--- Record extracts ---
········
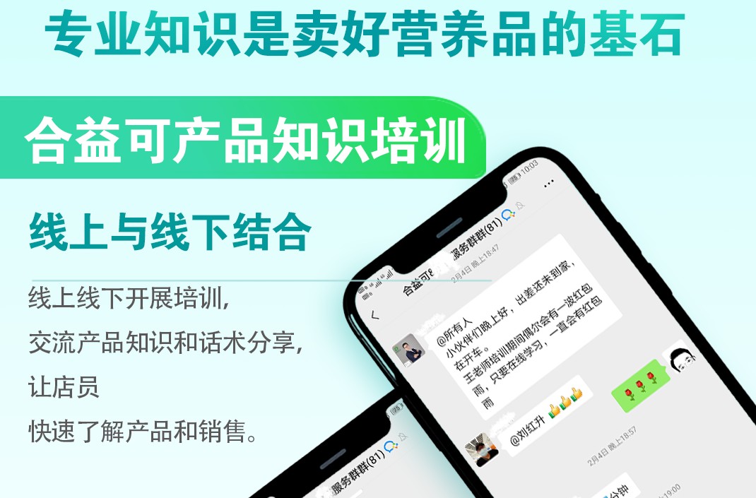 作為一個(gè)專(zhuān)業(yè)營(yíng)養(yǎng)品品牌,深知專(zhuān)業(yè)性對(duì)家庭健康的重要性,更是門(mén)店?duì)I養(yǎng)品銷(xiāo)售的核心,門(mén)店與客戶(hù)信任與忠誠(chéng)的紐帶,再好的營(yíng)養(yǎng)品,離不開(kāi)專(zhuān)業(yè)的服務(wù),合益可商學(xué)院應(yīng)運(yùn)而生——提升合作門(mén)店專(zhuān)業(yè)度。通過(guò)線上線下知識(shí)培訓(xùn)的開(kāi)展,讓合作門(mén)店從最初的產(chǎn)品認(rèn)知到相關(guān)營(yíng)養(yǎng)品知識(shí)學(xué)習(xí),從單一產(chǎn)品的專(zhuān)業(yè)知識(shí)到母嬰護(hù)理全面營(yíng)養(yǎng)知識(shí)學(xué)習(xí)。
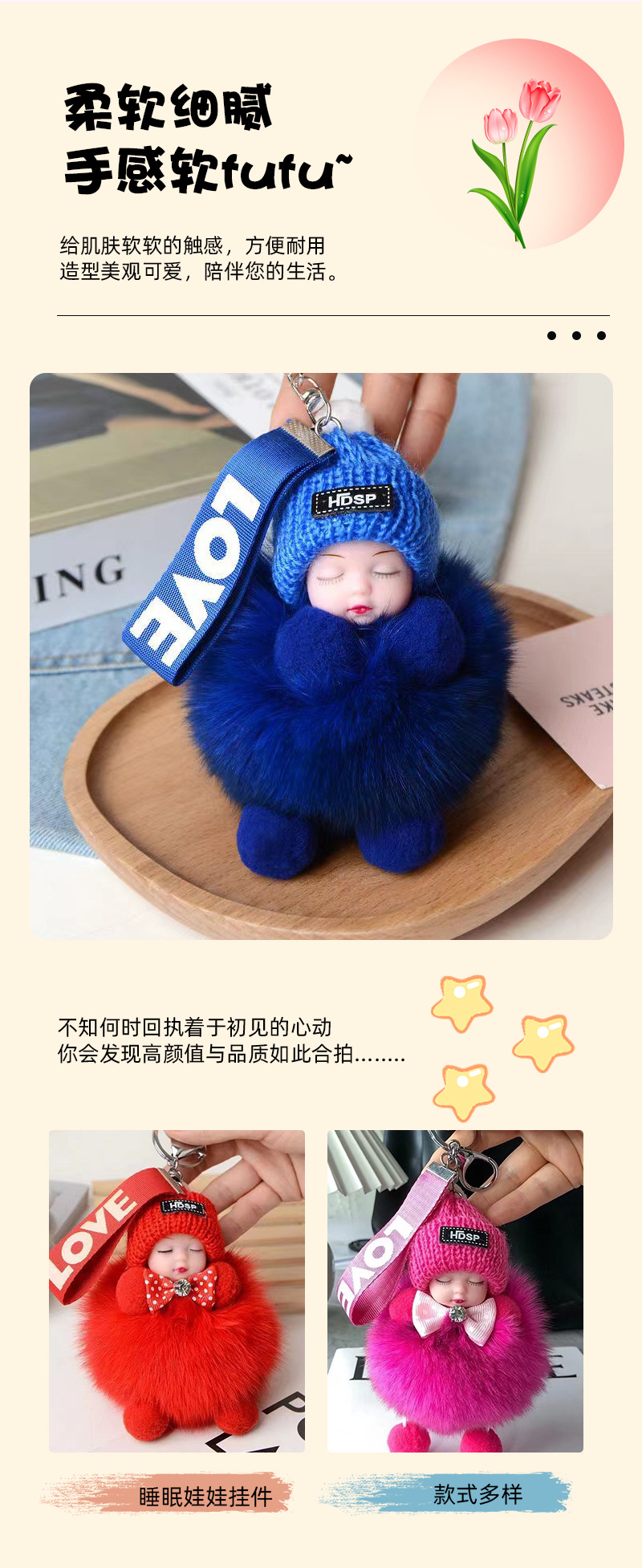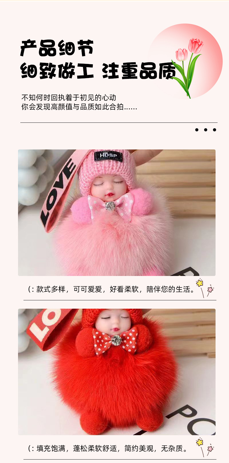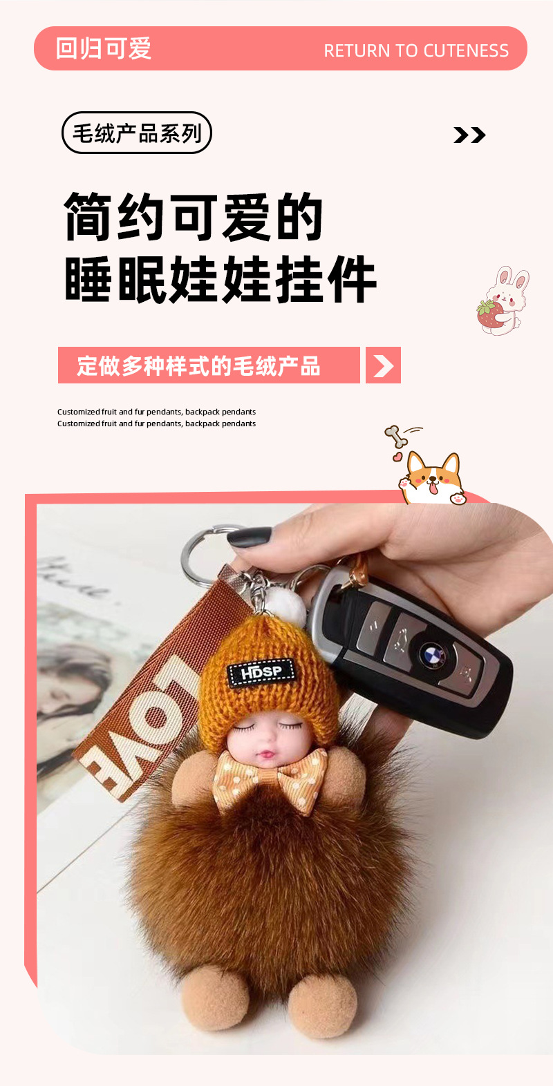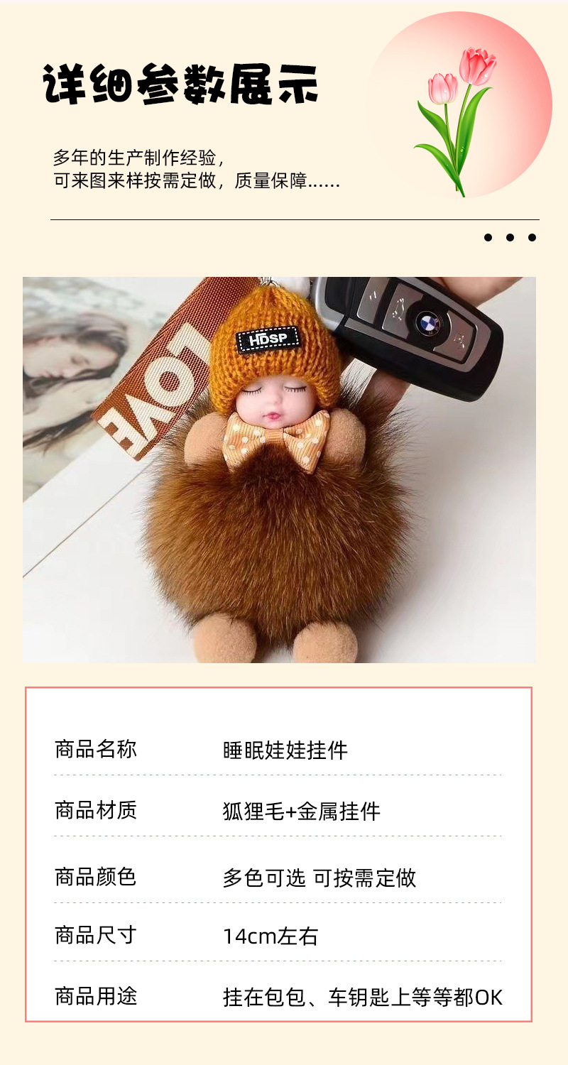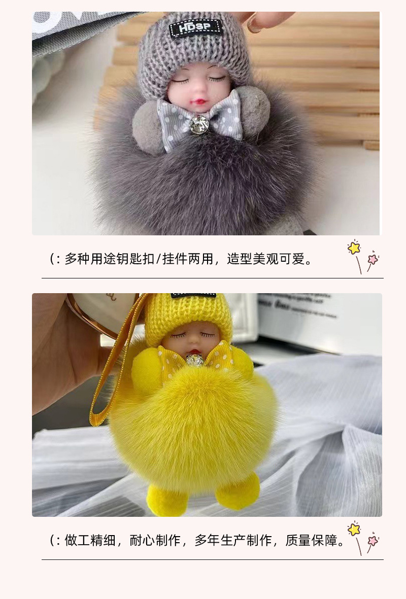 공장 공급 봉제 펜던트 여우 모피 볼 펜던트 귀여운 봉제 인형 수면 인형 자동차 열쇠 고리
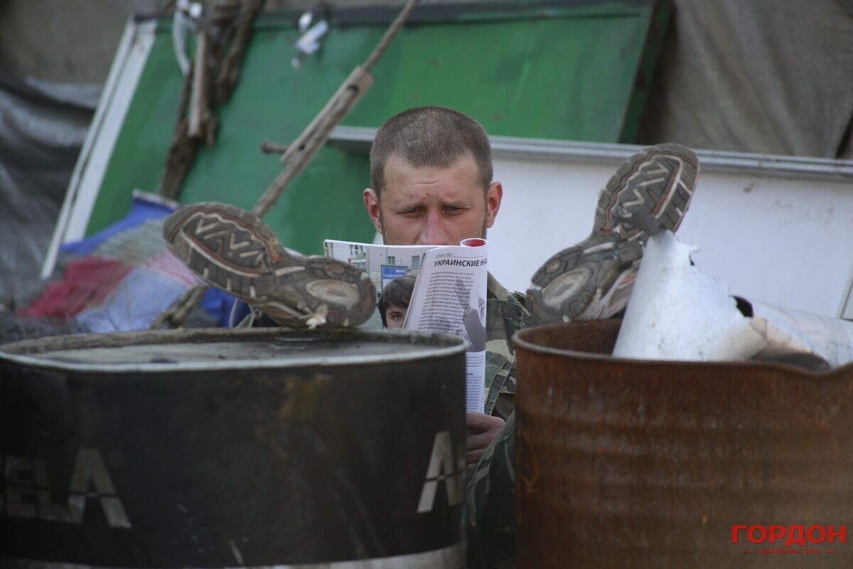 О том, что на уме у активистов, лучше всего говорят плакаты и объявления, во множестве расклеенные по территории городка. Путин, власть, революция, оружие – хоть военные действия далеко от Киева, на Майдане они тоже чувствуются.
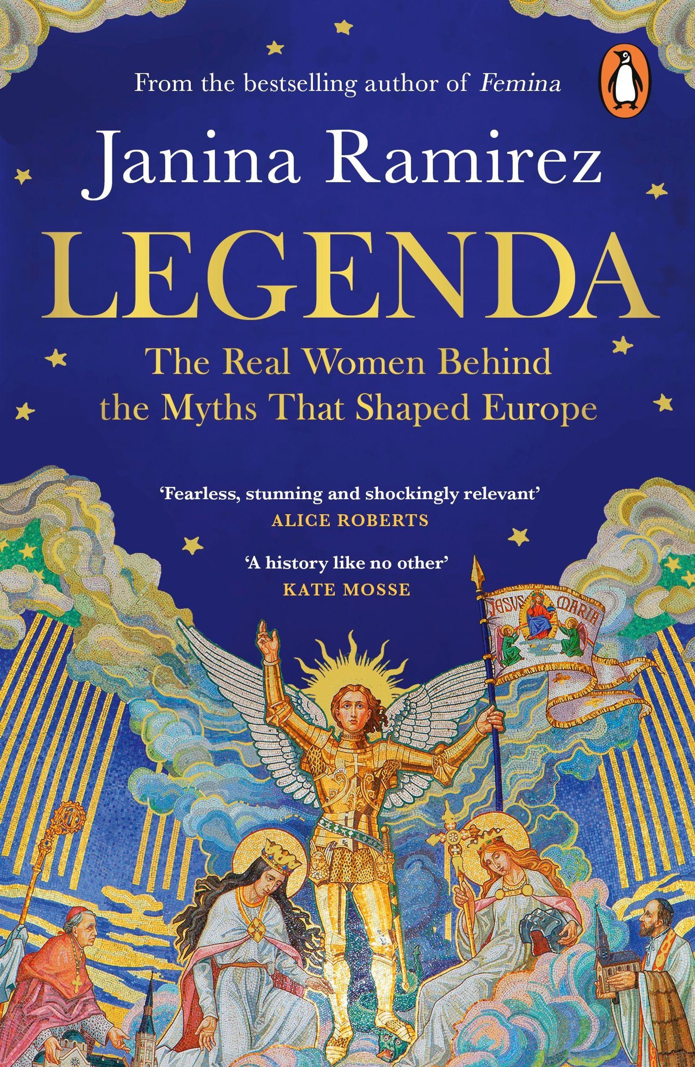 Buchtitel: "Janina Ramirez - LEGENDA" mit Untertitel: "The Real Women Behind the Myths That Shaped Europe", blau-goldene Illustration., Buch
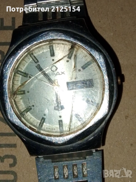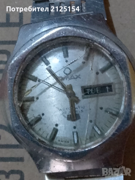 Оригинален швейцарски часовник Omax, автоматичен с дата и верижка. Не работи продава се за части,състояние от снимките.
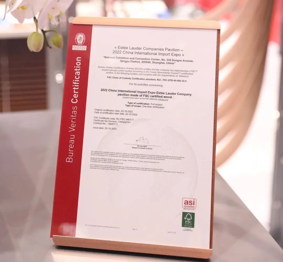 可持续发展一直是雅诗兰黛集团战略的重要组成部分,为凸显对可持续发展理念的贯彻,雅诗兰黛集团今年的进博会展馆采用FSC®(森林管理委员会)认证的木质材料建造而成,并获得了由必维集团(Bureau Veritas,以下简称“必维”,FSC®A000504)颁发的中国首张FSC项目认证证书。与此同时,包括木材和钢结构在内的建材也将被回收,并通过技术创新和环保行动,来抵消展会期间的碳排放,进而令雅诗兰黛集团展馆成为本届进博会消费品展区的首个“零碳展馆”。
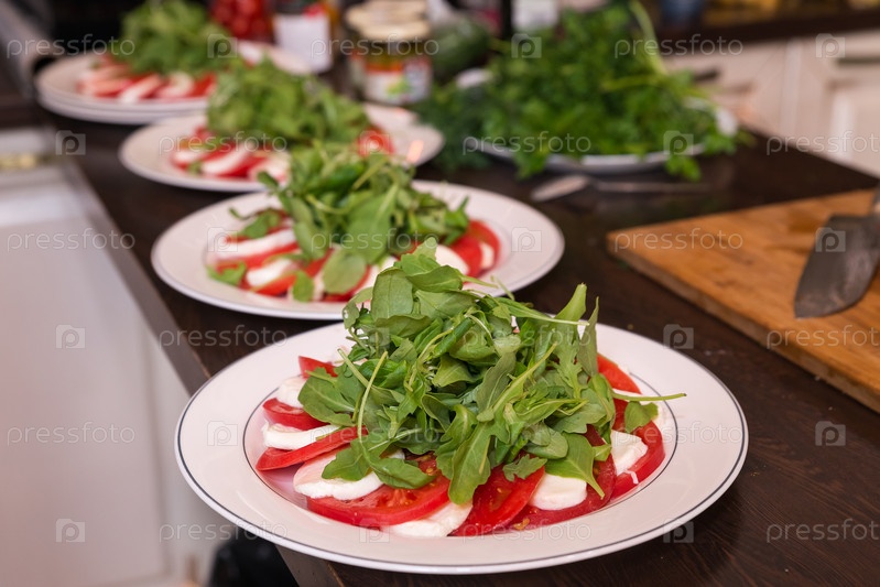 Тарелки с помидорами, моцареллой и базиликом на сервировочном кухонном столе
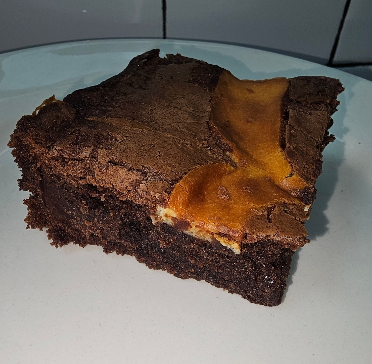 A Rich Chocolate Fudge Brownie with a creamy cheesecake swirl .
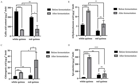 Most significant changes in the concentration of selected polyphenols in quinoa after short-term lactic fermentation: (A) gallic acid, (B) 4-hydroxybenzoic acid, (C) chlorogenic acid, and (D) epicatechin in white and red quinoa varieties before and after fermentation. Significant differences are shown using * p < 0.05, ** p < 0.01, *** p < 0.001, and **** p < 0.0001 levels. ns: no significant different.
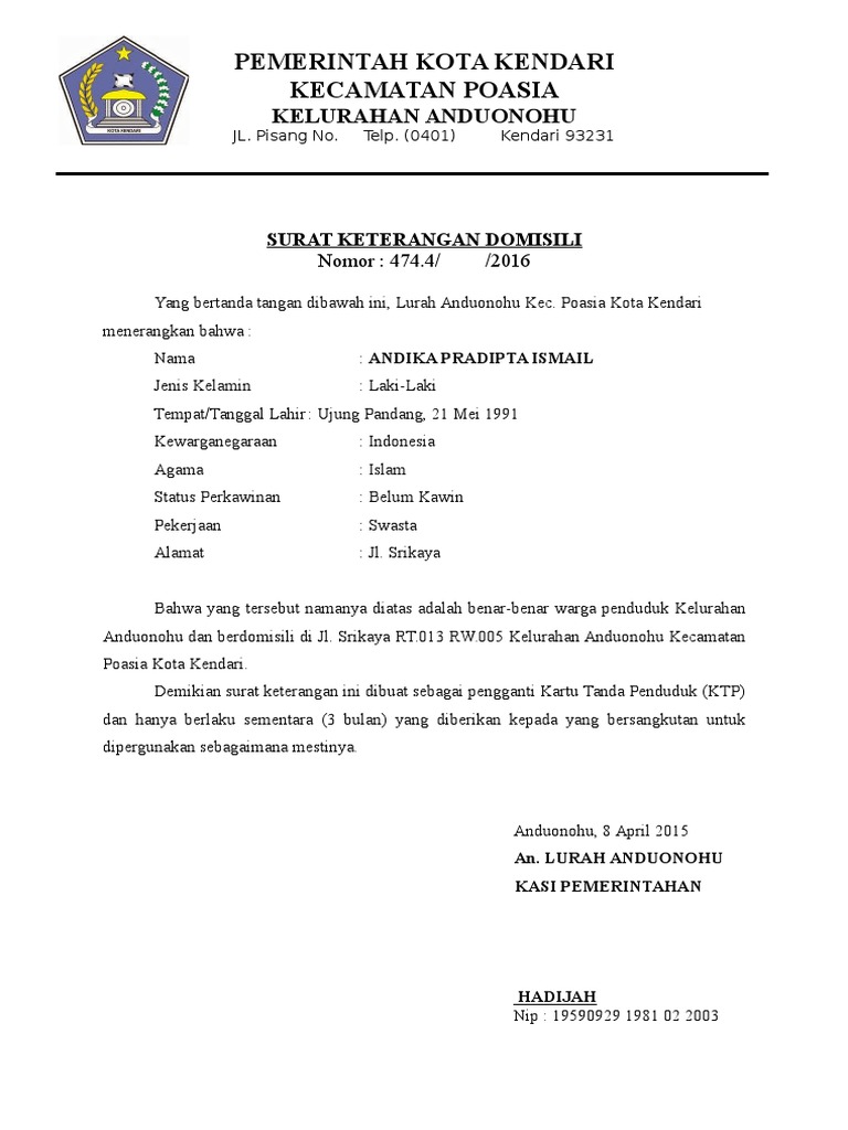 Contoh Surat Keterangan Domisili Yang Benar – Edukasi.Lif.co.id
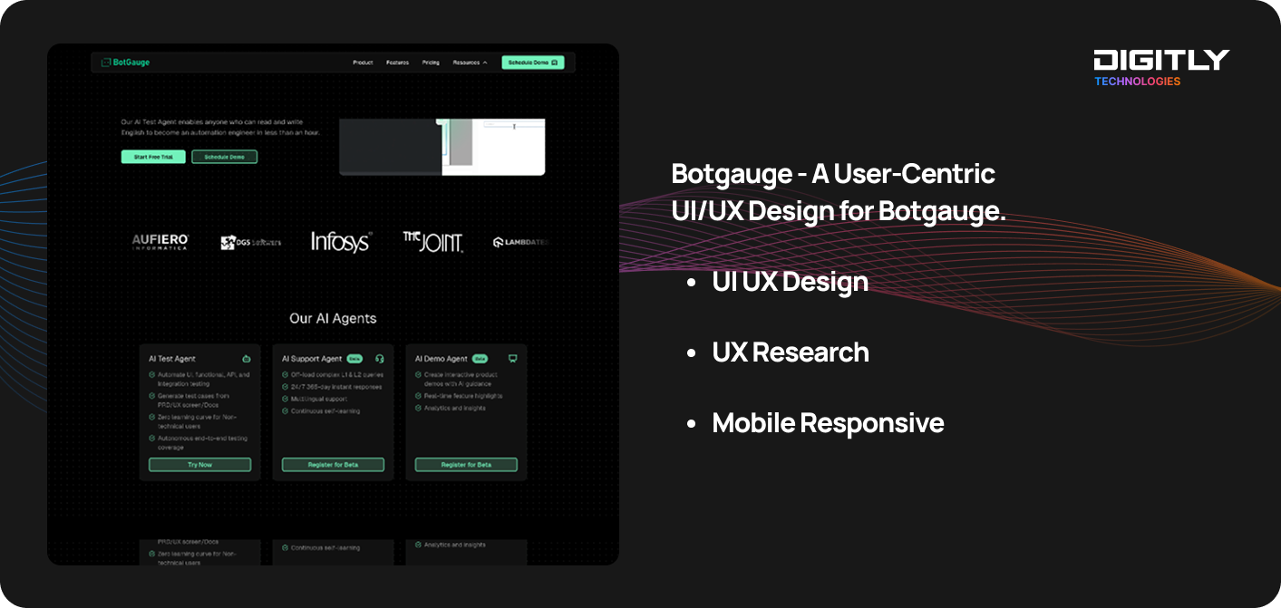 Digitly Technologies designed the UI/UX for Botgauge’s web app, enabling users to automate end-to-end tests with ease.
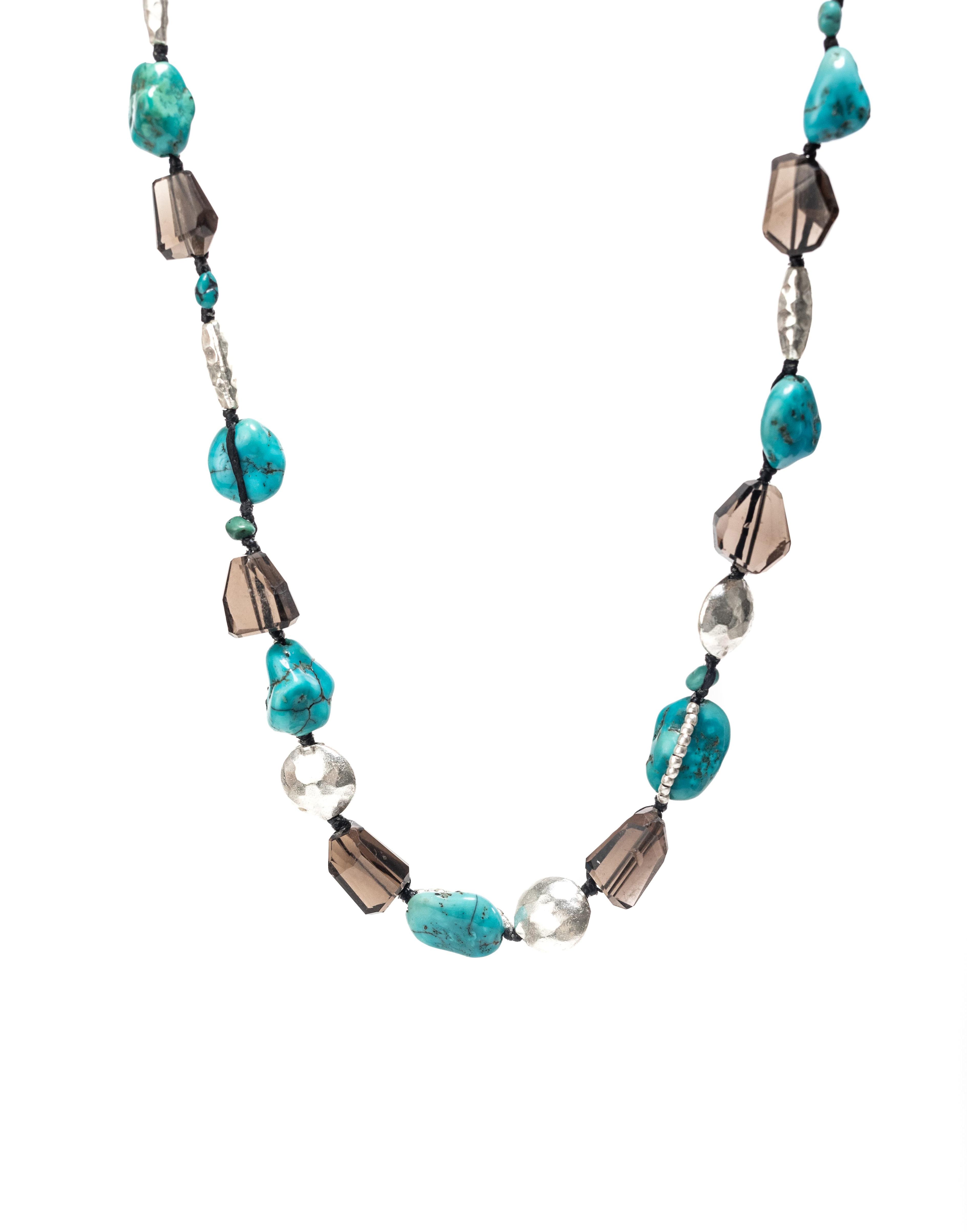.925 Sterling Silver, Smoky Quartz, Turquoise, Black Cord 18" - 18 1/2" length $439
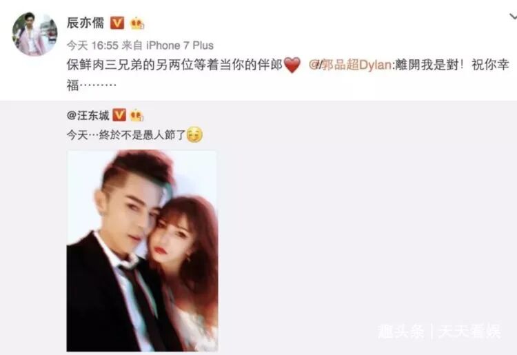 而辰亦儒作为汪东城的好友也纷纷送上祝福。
········
--- Your task ---
Nothing should appear in the reply except the lines from the start of the listing above through the line with "A Rich Chocolate", repeated exactly and free of pictures.

--- Solution ---
 作為一個(gè)專(zhuān)業(yè)營(yíng)養(yǎng)品品牌,深知專(zhuān)業(yè)性對(duì)家庭健康的重要性,更是門(mén)店?duì)I養(yǎng)品銷(xiāo)售的核心,門(mén)店與客戶(hù)信任與忠誠(chéng)的紐帶,再好的營(yíng)養(yǎng)品,離不開(kāi)專(zhuān)業(yè)的服務(wù),合益可商學(xué)院應(yīng)運(yùn)而生——提升合作門(mén)店專(zhuān)業(yè)度。通過(guò)線上線下知識(shí)培訓(xùn)的開(kāi)展,讓合作門(mén)店從最初的產(chǎn)品認(rèn)知到相關(guān)營(yíng)養(yǎng)品知識(shí)學(xué)習(xí),從單一產(chǎn)品的專(zhuān)業(yè)知識(shí)到母嬰護(hù)理全面營(yíng)養(yǎng)知識(shí)學(xué)習(xí)。
 공장 공급 봉제 펜던트 여우 모피 볼 펜던트 귀여운 봉제 인형 수면 인형 자동차 열쇠 고리
 О том, что на уме у активистов, лучше всего говорят плакаты и объявления, во множестве расклеенные по территории городка. Путин, власть, революция, оружие – хоть военные действия далеко от Киева, на Майдане они тоже чувствуются.
 Buchtitel: "Janina Ramirez - LEGENDA" mit Untertitel: "The Real Women Behind the Myths That Shaped Europe", blau-goldene Illustration., Buch
 Оригинален швейцарски часовник Omax, автоматичен с дата и верижка. Не работи продава се за части,състояние от снимките.
 可持续发展一直是雅诗兰黛集团战略的重要组成部分,为凸显对可持续发展理念的贯彻,雅诗兰黛集团今年的进博会展馆采用FSC®(森林管理委员会)认证的木质材料建造而成,并获得了由必维集团(Bureau Veritas,以下简称“必维”,FSC®A000504)颁发的中国首张FSC项目认证证书。与此同时,包括木材和钢结构在内的建材也将被回收,并通过技术创新和环保行动,来抵消展会期间的碳排放,进而令雅诗兰黛集团展馆成为本届进博会消费品展区的首个“零碳展馆”。
 Тарелки с помидорами, моцареллой и базиликом на сервировочном кухонном столе
 A Rich Chocolate Fudge Brownie with a creamy cheesecake swirl .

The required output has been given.